# [Work instructions]
From the first line of the data down to the line bearing "洋室 5.8 畳 1 室 K 1 室 |", output every line exactly and include no pictures.

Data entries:

-=-=-

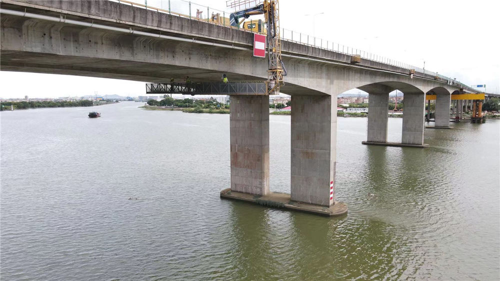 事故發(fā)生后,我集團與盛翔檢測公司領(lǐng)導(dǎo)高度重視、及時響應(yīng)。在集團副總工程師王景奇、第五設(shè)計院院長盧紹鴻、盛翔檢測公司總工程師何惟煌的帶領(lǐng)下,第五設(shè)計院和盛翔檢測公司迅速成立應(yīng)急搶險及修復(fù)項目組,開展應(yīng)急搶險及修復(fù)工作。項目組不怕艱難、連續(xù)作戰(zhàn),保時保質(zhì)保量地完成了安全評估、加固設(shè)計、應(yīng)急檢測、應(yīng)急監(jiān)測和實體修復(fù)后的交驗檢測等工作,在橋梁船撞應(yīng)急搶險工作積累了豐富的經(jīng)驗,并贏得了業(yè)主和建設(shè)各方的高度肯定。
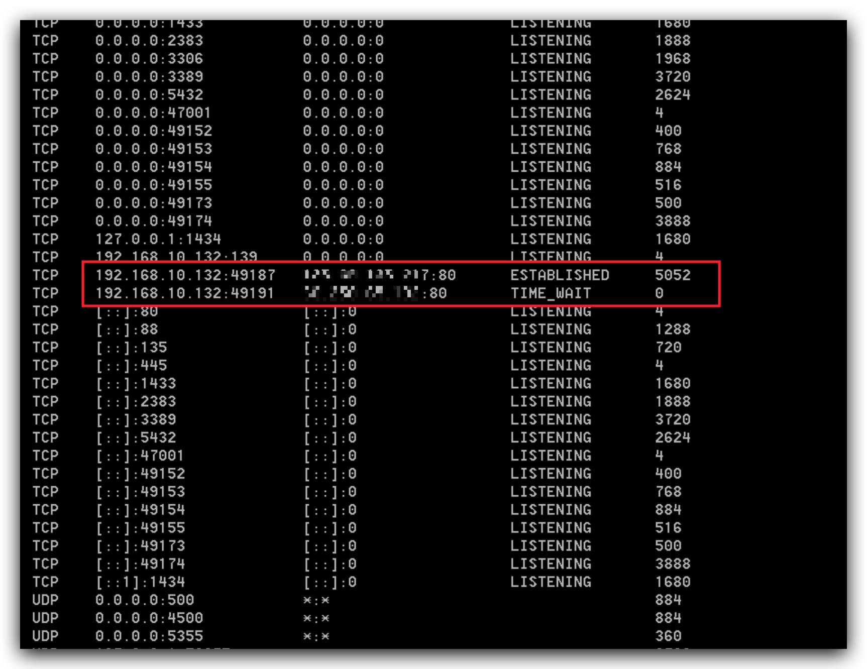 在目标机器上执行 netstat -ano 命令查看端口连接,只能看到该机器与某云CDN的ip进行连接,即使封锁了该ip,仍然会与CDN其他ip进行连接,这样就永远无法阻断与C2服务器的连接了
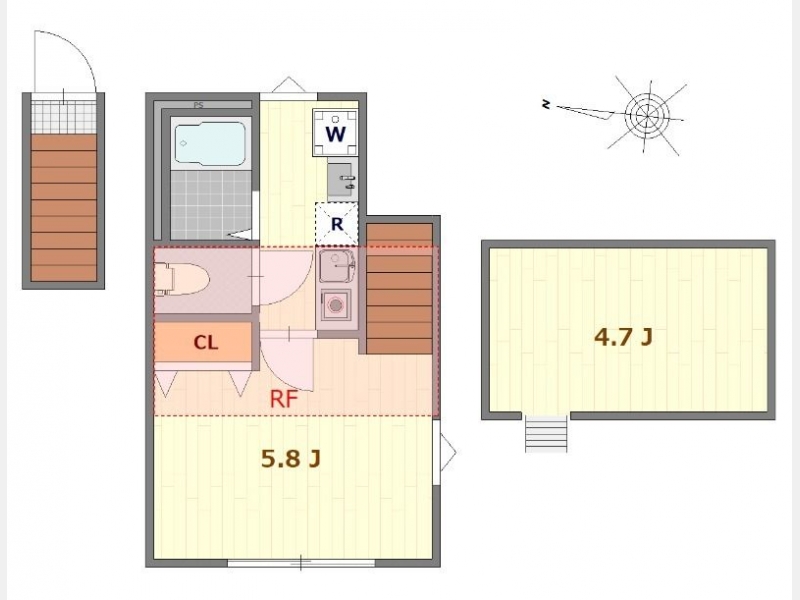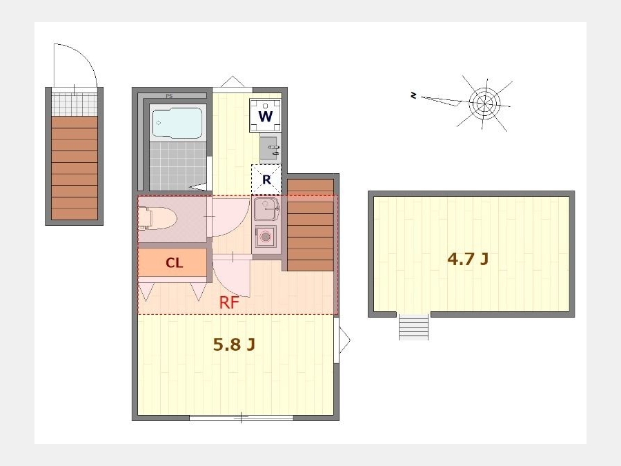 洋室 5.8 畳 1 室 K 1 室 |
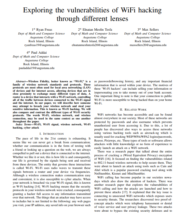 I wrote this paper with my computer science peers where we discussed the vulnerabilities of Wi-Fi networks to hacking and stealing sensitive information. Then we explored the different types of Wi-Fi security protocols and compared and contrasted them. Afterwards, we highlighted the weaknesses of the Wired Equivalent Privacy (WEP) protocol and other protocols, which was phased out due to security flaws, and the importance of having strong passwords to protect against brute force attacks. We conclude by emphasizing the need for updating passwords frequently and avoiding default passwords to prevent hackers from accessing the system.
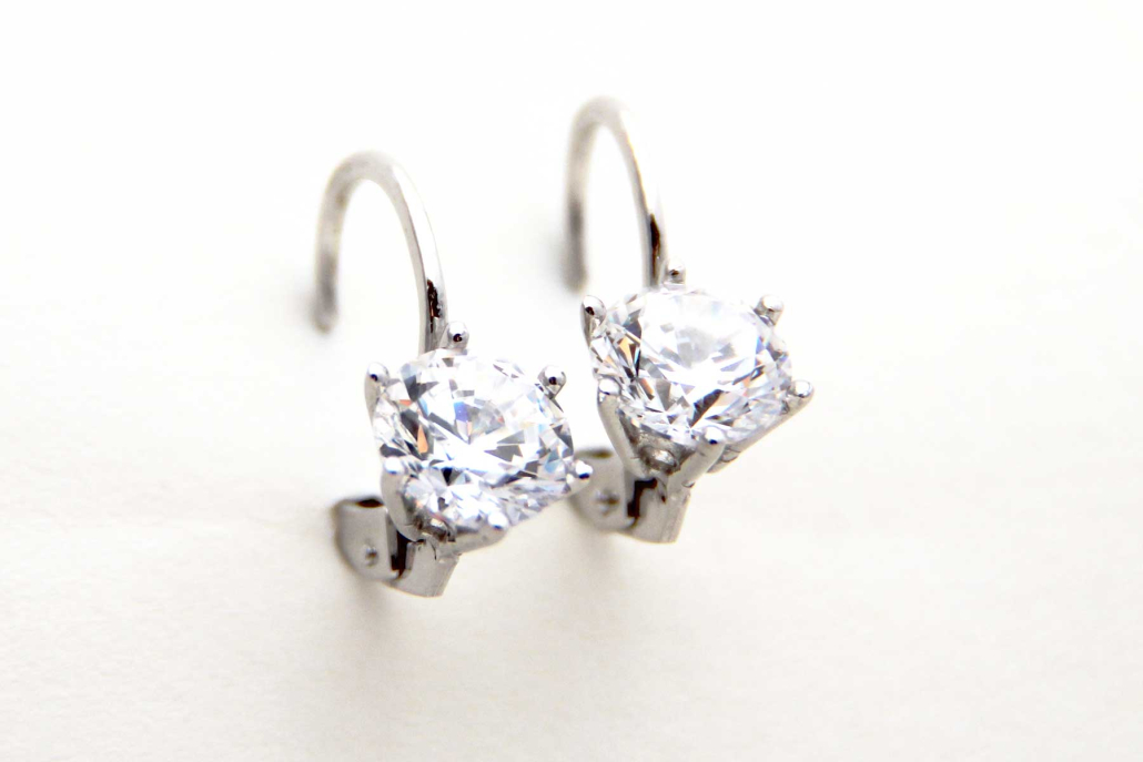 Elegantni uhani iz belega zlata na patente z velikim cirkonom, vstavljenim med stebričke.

-=-=-

# [Reply]
 事故發(fā)生后,我集團與盛翔檢測公司領(lǐng)導(dǎo)高度重視、及時響應(yīng)。在集團副總工程師王景奇、第五設(shè)計院院長盧紹鴻、盛翔檢測公司總工程師何惟煌的帶領(lǐng)下,第五設(shè)計院和盛翔檢測公司迅速成立應(yīng)急搶險及修復(fù)項目組,開展應(yīng)急搶險及修復(fù)工作。項目組不怕艱難、連續(xù)作戰(zhàn),保時保質(zhì)保量地完成了安全評估、加固設(shè)計、應(yīng)急檢測、應(yīng)急監(jiān)測和實體修復(fù)后的交驗檢測等工作,在橋梁船撞應(yīng)急搶險工作積累了豐富的經(jīng)驗,并贏得了業(yè)主和建設(shè)各方的高度肯定。
 在目标机器上执行 netstat -ano 命令查看端口连接,只能看到该机器与某云CDN的ip进行连接,即使封锁了该ip,仍然会与CDN其他ip进行连接,这样就永远无法阻断与C2服务器的连接了
 洋室 5.8 畳 1 室 K 1 室 |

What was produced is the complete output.